Labour anger at Treasury job cuts

A fear was growing that the Civil Service was being slimmed down to such an extent that it would no longer be able to implement the programme of an incoming Labour government, Peter Mandelson, MP for Hartlepool, told the Commons last night.

Newly promoted to the Opposition whips office, Mr Mandelson focused on reports that as many as a third of senior Treasury posts were to be axed.

Staff at the central Treasury have already been cut from 3,000 in 1982 to 1,400.

Predicting that the cuts in the Treasury were to set an example to other departments, with health and the environment next in line, Mr Mandelson said Sir Terence Burns, Permanent Secretary at the Treasury, had shown 'some dereliction of duty' by not consulting the Opposition about the changes.

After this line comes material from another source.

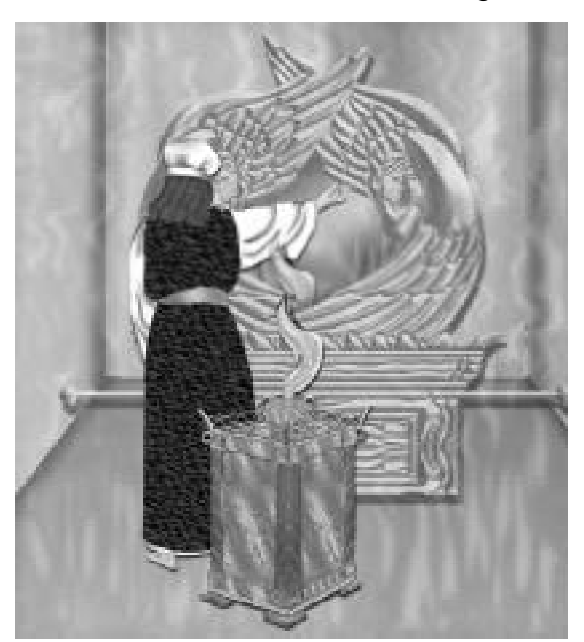
The High Priest in the Holy of Holies on the Day of Atonement.

Only the high priest could stand in front of God in the Holy of Holies<sup>11</sup> on the Day of Atonement.<sup>12</sup> He stood in front of a protective smokescreen of incense so he would not die (Leviticus 16:2, 12, 13). Isaiah saw God, even though he was not the high priest and he was not burning incense! The temple was filled with smoke (Isaiah 6:4). This reminds us of the cloud in which God's glory appeared on the Day of Atonement (Leviticus 16:2). Isaiah was so shocked, he thought he

'The permanent secretary has a personal responsibility, independent of the government of the day, to secure the Treasury machine for subsequent administrations.' He should have considered whether the numbers he proposed would be adequate for a Labour government.

The Civil Service Minister Robert Hughes said that after such an insulting speech a period of silence from Mr Mandelson as a whip would be welcomed by many.

There had been a lot of media 'exaggeration' about cuts. The fundamental expenditure review of the Treasury had done no more than recommended that 31 senior posts should be cut, and no decision had been taken yet.

The Government was determined to maintain an 'apolitical' Civil Service, but also one that was cost effective and efficient.